「福島・『津島』はなぜ闘うのか」―。こんな集いが3日、東京都内で開かれました。東京電力福島第1原発事故発生後、現地を取材し、記録し続ける3人のジャーナリストが報告。参加者と交流しました。主催は「土井敏邦 パレスチナ・記録の会」です。(徳永慎二)
怒りかなしみ発信
3人は野田雅也さん、森住卓(たかし)さん、土井敏邦さん。自ら制作したドキュメンタリー映画、写真集を紹介しながら、原発事故を「なかったことにさせない」決意を話しました。ふるさとを返せと立ち上がった福島県浪江町津島の人たちの怒り、悲しみ、悔しさを作品を通して発信してきた、とりくみを語りました。
「ふるさと津島を映像で残す会」が制作したドキュメンタリー映画を撮影・監督した野田さんは、1年かけて560の家屋をドローンで空撮。「静かで音のない津島最後の風景」などの映像を紹介しました。ナレーターは「100年後の子孫にこの物語を送ります」と結びました。
森住さんは、カザフスタンのセミパラチンスク核実験場など世界の核実験被害者を取材してきました。「核被害は被ばくだけでなく、ふるさとそのものを奪ってしまうことを、福島の取材を通して感じた」といいます。放射能の危険性を可視化した、植物やカエルの映像などを紹介しました。
長くパレスチナ・イスラエルを取材してきた土井さんは「原発事故に遭遇した人々の証言集『チェルノブイリの祈り』に衝撃を受けた。人のことばを丹念に記録している。心を打つ」と話し、インタビューした津島原発訴訟の原告24人のうち、2人を紹介しました。
貧乏でも楽しさが
1人は須藤カナさん(70)。離婚後3人の子どもを育てました。「コメもない、金もない。子どもを道連れに死のうと思ったこともあった。娘に“ご飯食べられなくてもがまんするから”といわれて踏みとどまった」
力仕事もして、真っ黒になって働きました。「津島の人はあったかいんだよ」と須藤さん。子どもたちに“母ちゃんは帰りが遅いから、ご飯食ってけ”といってくれたり、コメやみそが入った袋を玄関においてくれたり。「貧乏だったけど、おれはここで生きてるという楽しさがあった。それを原発事故でばらばらにされた。その悔しさは言葉では表せない」
「返してくれ」叫び
もう1人は、馬場績(いさお)さん(77)。馬場さんは浪江町の元日本共産党町議でした。

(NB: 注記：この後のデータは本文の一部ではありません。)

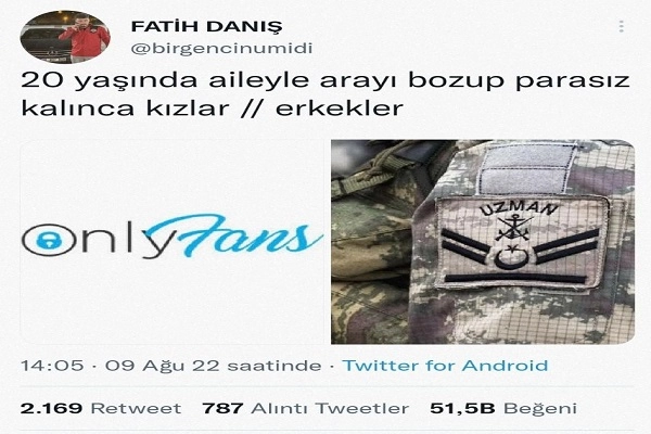 Uzmanlar Federasyonu Genel Başkanı Ali Tilkici, sosyal medya üzerinden Uzman Çavuşlara çirkin benzetmeler yapan Fatih Danış isimli kullanıcıya ateş püskürdü. Medya Ankara'nın haberine göre "20 yaşında aileyle arayı bozup parasız kalınca kızlar // erkekler" şeklinde paylaşım yaparak, genç kızların kötü yola düştüğü erkeklerin de uzman çavuş olduğu yönünde ifadeler kullanan Fatih Danış isimli kullanıcıya Uzmanlar Federasyonu Genel Başkanı sert tepki gösterdi ve konuyu yargıya taşıdı. Sadece bu hafta yedi şehit veren kahraman ordumuzun yiğit uzman çavuşlarına yapılan hakareti gündeme getiren Ali Tilkici şu ifadeleri kullandı:
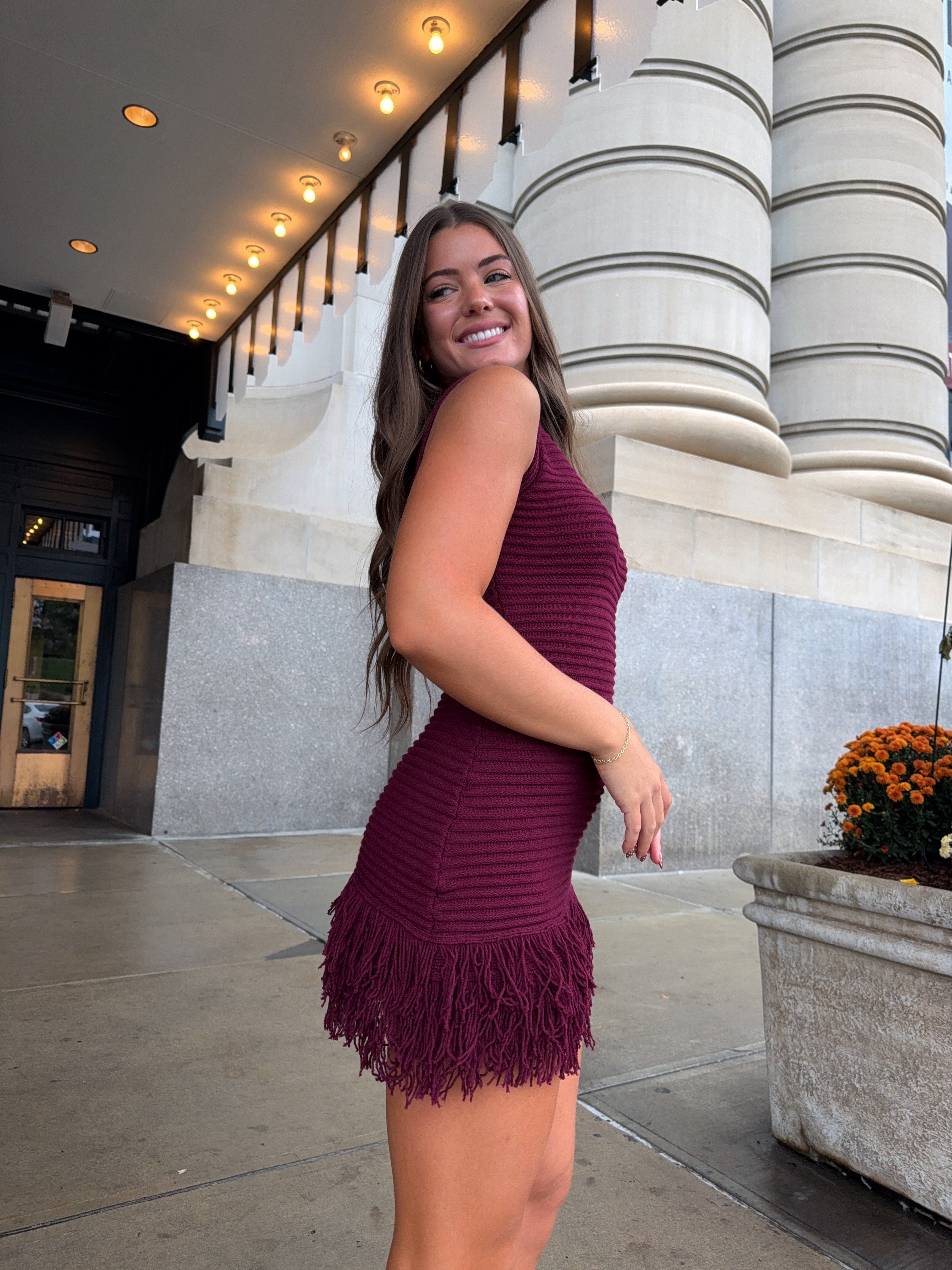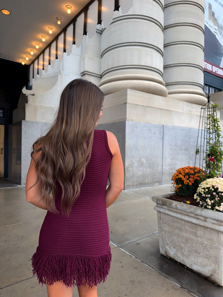 The Bordeaux Fringe Knit Sweater Mini Dress - Cherry Lacquer

「戦後の開拓農家の苦労を抜きに『津島』は語れない。がんばって光が見え始めた矢先の原発事故だった」といいます。「原発事故は、人生を奪い、どんな地域づくりをするのか、創造を奪った。子どもたちに将来を語れなくなった」
ふるさとについて馬場さんは「生きる根源であり、生活を築き、命をつないできた土台」だといいます。「山の水、春、田んぼで鳴くカエルの声、山菜やキノコ、私たちの命をつくってきたのがふるさと。それを返してくれというのは当然の叫びです」
子らの笑い取り戻す 原告が支援よびかけ
報告会では、「ふるさとを返せ 津島原発訴訟」の原告団長・今野秀則さんが、講演しました。
今野さんは「津島地区には人間の営みがあり、生きがいを感じて生きる場があった」と話します。「なぜ闘うのか。津島には私の存在のすべてがあり、地域の人々とのつながりがあった。それが奪われたまま、“はいそうですか”というわけにはいかない」と訴訟への決意をのべました。
壇上に原告の11人が並び、発言しました。ある女性は「ジャーナリストの方がこういう場を設けてくれたのには深い意味があると思う。国民だけが泣く社会は許されない。子どもたちが笑って暮らせる社会をつくらなければならない」と支援をよびかけました。